1966 Australian vehicular endurance race

The 1966 Le Mans 6 Hour Race was an endurance race for Sports Cars, Improved Production Touring Cars and Series Production Touring Cars. It was held at the Caversham Circuit in Western Australia on 6 June 1966 over a six-hour duration.
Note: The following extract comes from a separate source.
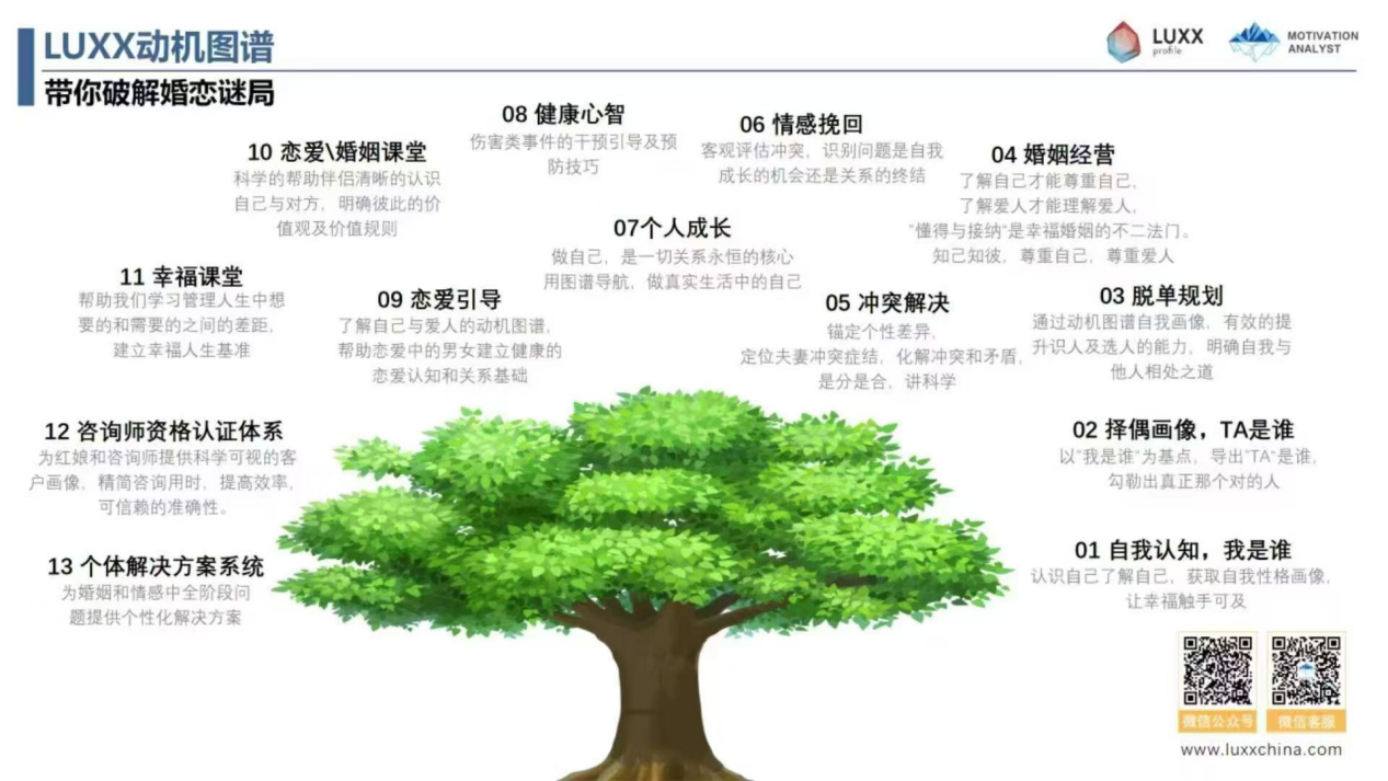 - 应用场景:可应用于个人成长、职业发展、亲子关系、婚恋等多个领域,帮助人们挖掘自身潜在动机,增加自我认知,更好地理解自己与他人的关系,从而在不同场景中做出更合适的决策。例如在婚恋中,能帮助单身男女科学、准确地挖掘自身潜在动机,识别与自身核心婚恋需求。
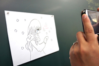 수업이 진행되는 한 시간 동안 그림을 그려 넣고 동영상을 만들고 함께 작품 감상까지 해야 하는 일정이다. 한 시간이 빠듯하다. 학생들이 그림을 그릴 수 있는 시간은 길어야 15분. 각자 맡은 가사를 보며 별 고민 없이 쓱쓱 밑그림을 그려 나간다. 그들이 그려가는 미완성된 그림과 가사의 구절을 맞춰 가며 구경하는 재미가 쏠쏠치 않다.

The race, which was the twelfth Six Hour Le Mans race, was won by Ron Thorp driving an AC Cobra 289.

==Results==

| Position | Drivers | No. | Car | Class | Class pos. | Laps |
| 1 | Ron Thorp | 2 | AC Cobra 289 | Sports | 1 | 202 |
| 2 | Ted Lisle |  | Morris Cooper S | Improved | 1 | 196 |
| 3 | Stan Starcevich | 5 | Holden EH Special S4 | Improved | 2 | 194 |
| 4 | Gordon Stephenson, Neville Cooper |  | Alfa Romeo Giulia GT Veloce | Improved |  | 191 |
| ? | Dick Roberts |  | Chrysler Valiant |  |  |  |
| ? | Dave Thomas |  | Morris Mini | Series | 1 |  |
| 20 | Cumper | 50 | Peugeot 403 |  |  |  |
| ? | Taylor |  | Triumph TR4 |  |  |  |
| ? | David Rockford |  | Holden GT |  |  |  |
| ? | Owen Stringer |  | Ford Cortina Mk1 |  |  |  |
| ? | Bertina |  | Holden FJ "X2" | Sports |  |  |
| ? | Cuncliffe, Biltoft |  | Peugeot Sports | Sports |  |  |
| ? | Chapman, Sherrell |  | Triumph "TR3A" |  |  |  |
| ? | Muhling |  | Morris Mini |  |  |  |
| ? | Mould |  | Morris Mini |  |  |  |
| ? | Urquhart |  | Lotus Super Seven |  |  |  |
| ? | Rod Donovan | 30 | Holden 48/215 |  |  |  |
| DNF | Maslin, Williams |  | Renault |  |  |  |
| DNF | Roger Fielding |  | Triumph TR4 |  |  |  |
| DNF | Brockwell, Mitchell |  | Ford Anglia |  |  |  |
| DNF | O'Sullivan, Downey |  | Ford Cortina GT500 |  |  |  |
| DNF | Annear |  | Phoenix |  |  |  |
| DNF | Fry |  | Morris Cooper S |  |  |  |
| DNF | Scott |  | Peugeot |  |  |  |
| DNF | Andy Buchanan |  | Ferrari 250LM |  |  | 76 |
| DNF | Vince, Charnley |  | Elfin | Sports |  |  |
| DNF | Max McCracken, Smith |  | Lotus Elite | Sports |  |  |
| DNF | Malcolm Seaward |  | Triumph 2000 |  |  |  |
| DNF | J. Sinclair |  | Austin-Healey Sprite |  |  |  |

24 cars finished the race from a field of 44 starters.